Avant de vous cacher sous Plaid, un pseudo avec lequel vous avez notamment épaulé Björk lors d'une tournée, vous étiez les deux tiers de Black Dog...

Nous avons produit des disques pendant 6 ou 7 ans sous ce nom. Nous avons enregistré 4 albums, réalisé pas mal de remixes et quelques Ep's. Il y a trois ou quatre ans, nous nous sommes séparés de Ken Downie qui a continué sous ce nom et a même sorti un album, je crois, intitulé "Music For Adverts And Short Films". Nous ne partagions plus la même conception de l'évolution musicale du projet. Au départ, Ed et moi voulions que le patronyme disparaisse aussi ; mais après mûre réflexion, nous ne nous sommes plus opposés à la poursuite de l’aventure Black Dog, menée par Ken…

Vous expliquez ne pas collectionner les disques ; d'où vous viennent vos influences dans ce cas ou du moins votre inspiration?

C'est vrai, comme nous ne faisons plus des masses de ‘dj'ing,’ nous n'achetons pas des tonnes de disques. Notre inspiration vient dès lors des situations que nous vivons dans la vie de tous les jours. Manifestement, notre musique est plus issue d'émotions que d'autres styles de musique que nous aurions voulu adapter à notre sauce. Bien sûr, ces influences sont présentes, mais nous ne sommes des émules de personne.

Comment en êtes-vous arrivés à ce ‘funk pour gamins’?

A l'origine, nous pratiquions la musique comme hobby. J'étais dj et Ed écrivait déjà un peu, à partir de beats hip hop. Quand nous avons commencé ensemble, nous nous intéressions à pas mal de styles, sur la scène britannique et sur celle de Detroit. Mais la musique électronique nous semblait manquer cruellement de mélodies. Tout était fort basé sur les éléments rythmiques. L'acid, les raves... C’est ce qui nous a poussé à opter pour cette direction…

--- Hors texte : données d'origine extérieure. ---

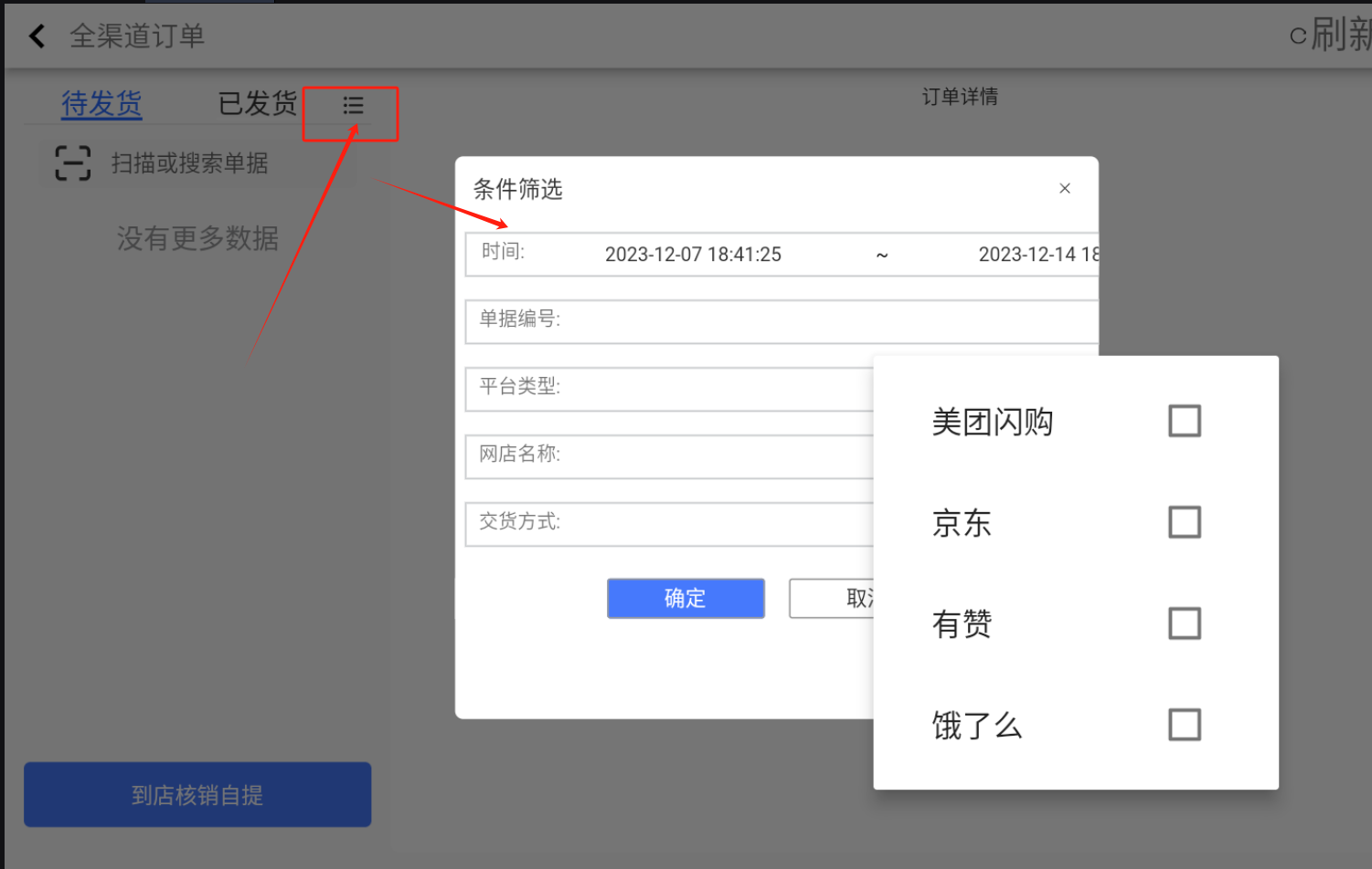 3、全渠道订单查询条件如下:
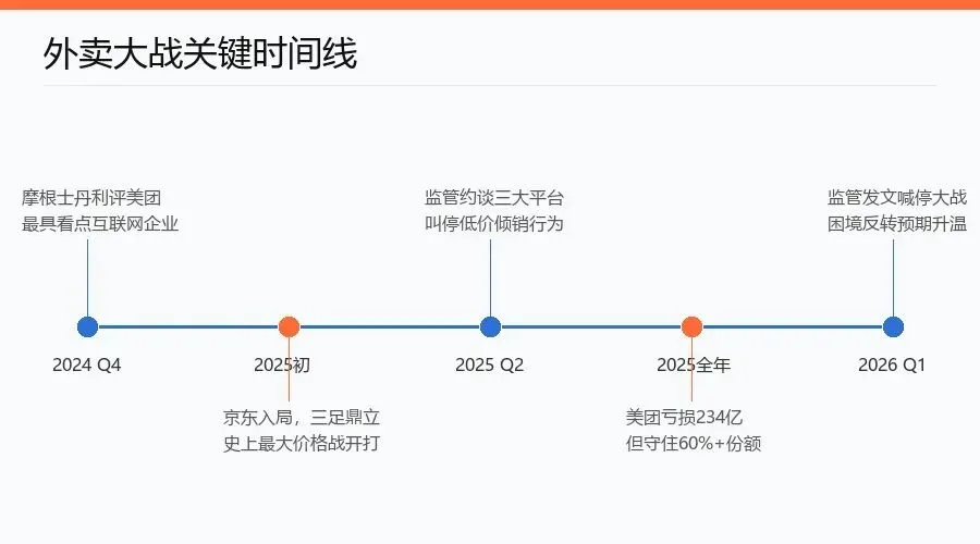 这不是官方第一次出手。早在2025年5月,国家市场监管总局就联合五部门约谈了美团、饿了么、京东外卖三大平台,直指低价倾销、虚假宣传、骑手超负荷等问题。2026年1月,国务院反垄断委员会办公室再次点名三家平台,批评"拼补贴、拼价格、控流量"问题突出。

Vous travaillez toujours en duo?

Nous travaillons souvent séparément, en fait. J'imagine que c'est le cas pour nombre de formations électroniques. Notre studio commun est articulé autour d'un gros ordinateur ; dès lors, on ne peut pas vraiment y travailler à deux en même temps. Certains titres sont le fruit de collaborations, d'autres sont le résultat d'idées développées séparément. Chacun dispose de son matériel, ce qui nous facilite le boulot. Et puis, on peut plus facilement se laisser aller à la fantaisie ; quand on collabore, il y a toujours des compromis à faire...

Et après?

Déjà une idée du prochain album?

Andy Turner : Il devrait comprendre du matériel audio-visuel. Nous travaillons aussi sur des animations et l'idée est de sortir un Dvd par exemple.

Vous n'enregistrerez donc jamais de dance ?

Nous avons vaguement essayé, mais c'est vraiment pas notre truc. Quand nous optons pour une orientation précise, systématiquement, on emprunte la tangente. C'est assez difficile à faire d'une part, et ça mène rarement à la musique la plus originale ensuite.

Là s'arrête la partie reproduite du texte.